兩人來到另一側小院,那家的男人睡得像死豬一樣,已經被賊人從床上脫下來扔在不礙他們辦好事的角落裏。

床上有一個三十幾歲的婦人正在拼命反抗,她衣衫淩亂、滿臉淚痕,撕心裂肺地呼喊相公救命,卻根本叫不醒中了迷藥的丈夫,真是叫天天不應,叫地地不靈。

眼看就要被這群賊道士得手,那婦人正在絕望的時候,謝 * 初靜像天神一樣從天而降落在院子裏。

他把宋疏桐丟在一個安全的地方,破窗飛入室內,騰挪轉身之間,劍光閃動,動作快到宋疏桐都沒看清他做了什麽,幾個賊道士的腦袋就旋轉著飛了出去,屍身跟著撲通倒地,頸動脈中噴出來的血像噴泉一樣四射,可是謝初靜竟然巧妙地全部避開,一滴也沒有粘到身上。

雖然他殺人的動作幹脆利落,甚至可以說是漂亮極了,但這種行為藝術宋疏桐實在無福消受。

她原本扶著門框喘粗氣,這一場表演秀看下來,又嚇得一屁股摔坐在了地上。

盡管作為本書作者,她心裏清楚,按照這些王八蛋賊道士的所作所為,他們這麽死八回都不虧,但是,就不能別當著她的面殺嗎,人家真的好怕,嗚嗚。

謝初靜撿起地上一件衣衫,將軟劍擦拭幹凈,之後又同之前一樣,把地上的腦袋拎起來,放在桌上整整齊齊擺好,才對屋裏呆若木雞的婦人說了一句:“你沒事了。”

那婦人在餓狼叢中周旋半天,又目睹了這血淋淋的殺人場面,緊接著見到殺人者拎著劍朝自己走來,頓時白眼一翻就暈了過去。

謝初靜楞了一下,他本來打算找宋疏桐要點甘草丸給她家男人解毒的,現在看來也不必了。

他一手一個,把這對夫妻拎出來放在院子裏,伸手解開宋疏桐的啞穴。

他還沒開口說話,宋疏桐就搶著道:“你有病你知道嗎?你給死人腦袋擺整齊這件事,說明你有嚴重的精神疾病,俗稱腦子有病。”

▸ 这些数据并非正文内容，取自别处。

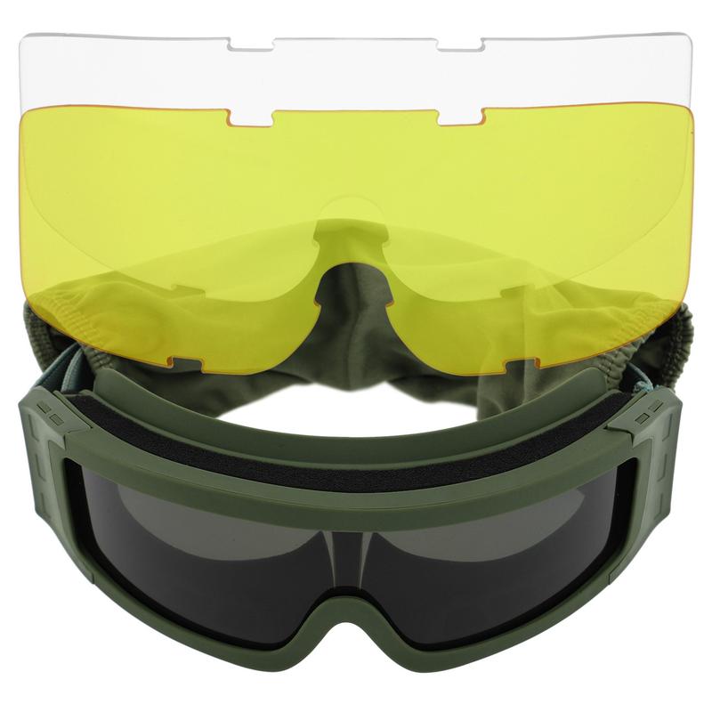 Очки защитные маска со сменными линзами и чехлом sposune jy-027-3 оправа-оливковая цвет ли...
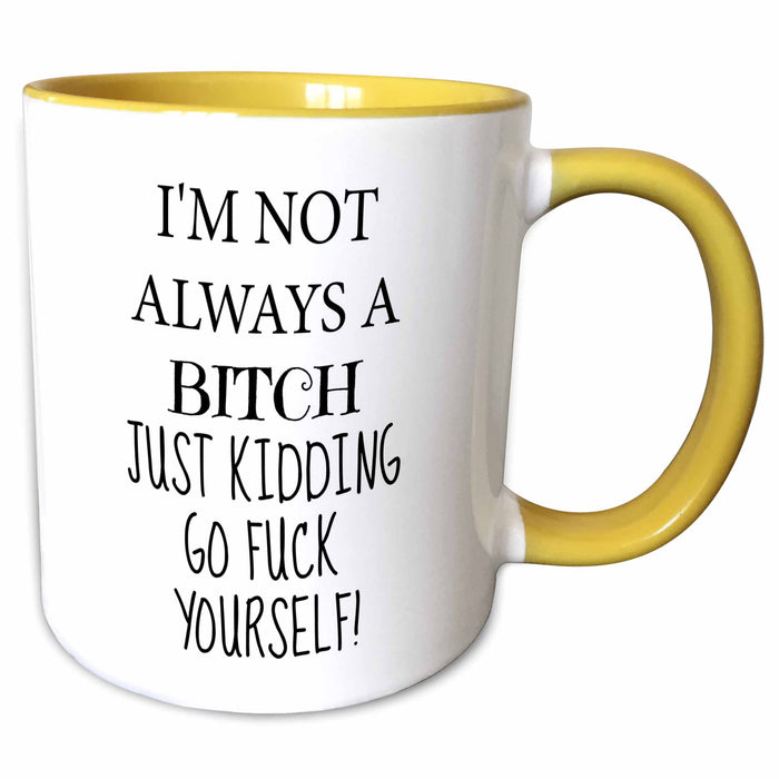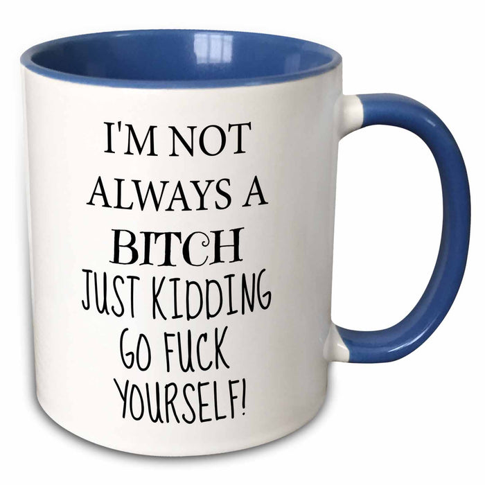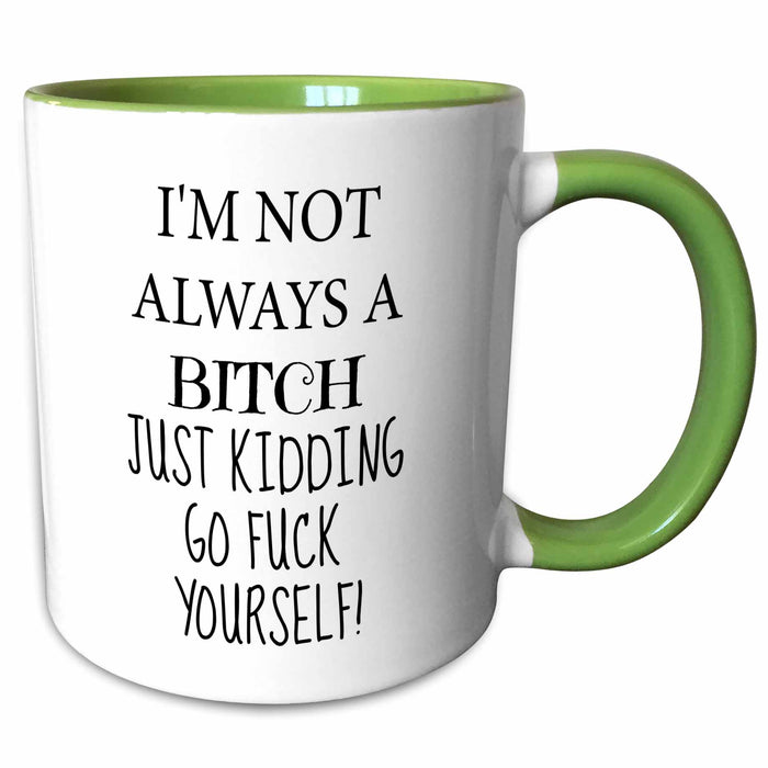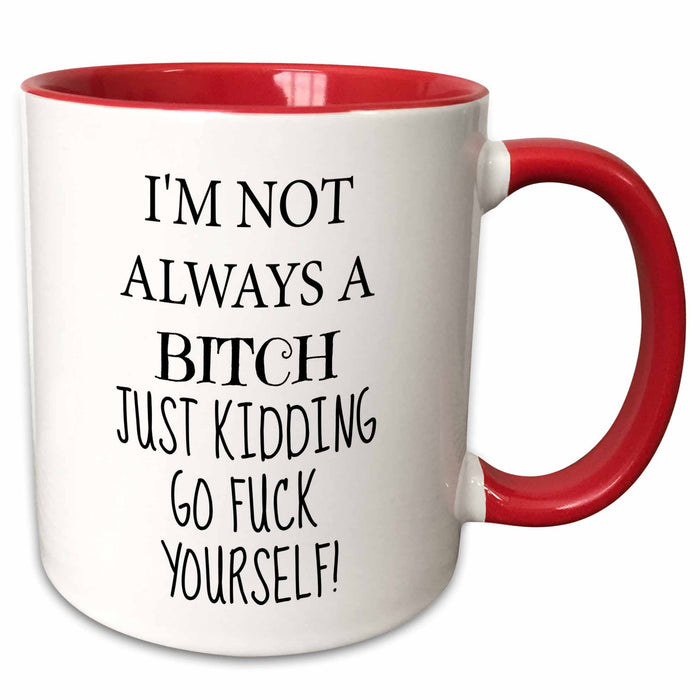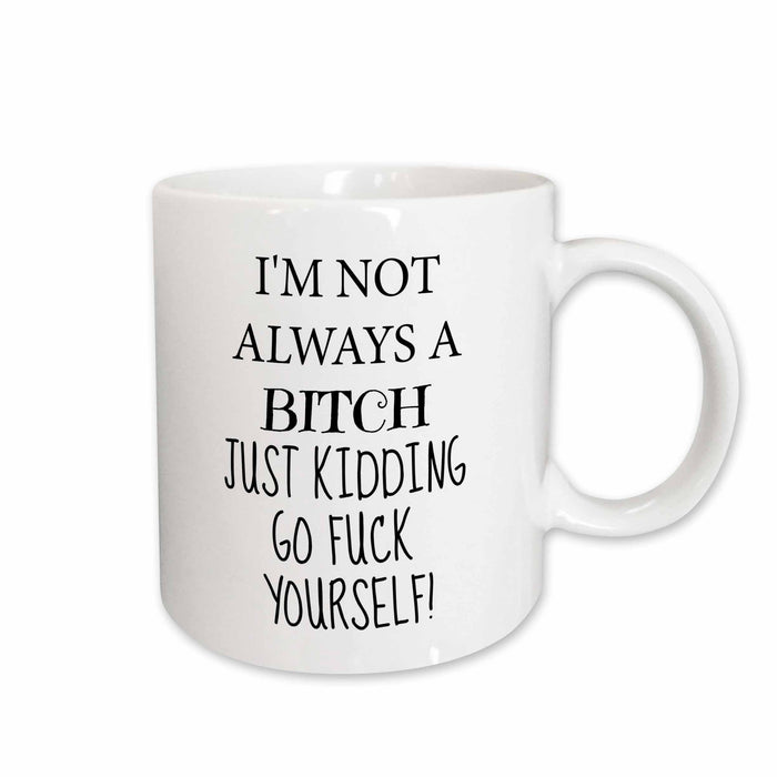 Im not always a bitch, just kidding, go fuck yourself Mug is available in both 11 oz and 15 oz. Why drink out of an ordinary mug when a custom printed mug is so much cooler? This ceramic mug is lead free, microwave safe. Image is printed on both sides. Hand washing is recommended.

這家夥是典型的完美主義者,還有重度強迫癥,表現得太明顯了。

她說完自己點點頭,覺得自己判斷的非常正確,有理有據,於是又重覆了一遍,表示強調:“我說的是真的,你有病病!不過這種病可防可治可控,只要你積極配合治療,一定可以痊愈,別怕。”

謝初靜:“……”

他自忖修養好,不想跟一個鄉下丫頭計較,可是悶了半天,心裏終是氣不過,惱火道:“沒錯,我腦子要是沒病,我能花三千兩雇你這種人!”

“我是哪種人,你給我說清楚!”

男人語氣裏的鄙夷太過明顯,宋疏桐瞬間就原地爆炸了,拍拍屁股蹦起來跟他講道理。

雖然他比她高一個頭,但吵架就是吵個氣勢,誰先露怯誰就輸了。

小野兔亂蹦,謝初靜簡直快崩潰了。

在謝初靜十九年的人生歷程裏,見過的女人並不多,除了說話都小心翼翼提著氣的宮女們,便是那些風雅從容的貴婦人,和知書達理的名門閨秀。

遇見宋疏桐這樣胡攪蠻纏的丫頭,還真是措不及防。

他被她擠兌得狠了,兔子急了還咬人呢,忍不住口角了幾句,可他不擅長吵架,更不擅長同鄉下丫頭吵架,很快敗下陣來,到最後,只有氣得幹瞪眼的份。

宋疏桐卻越戰越勇,叉著腰神氣活現地跟他掰扯。

謝初靜 * 頭疼不已,愈加覺得世人說的對,婚姻確實應該門當戶對。幸虧他只是雇她做工一日,若是要跟她在一起過一輩子,估計沒幾年就要被她氣得英年早逝。

宋疏桐還在喋喋不休,謝初靜的思緒卻不知不覺飄遠了。

他還未出生就是太子,他的母親是敏德皇帝心中摯愛的先皇後邵念嬌,人稱大邵皇後,因為她得寵,連帶著比她早進宮多年,卻不得寵的姐姐邵雲巧,都一日飛升六級,從貴人變成了貴妃。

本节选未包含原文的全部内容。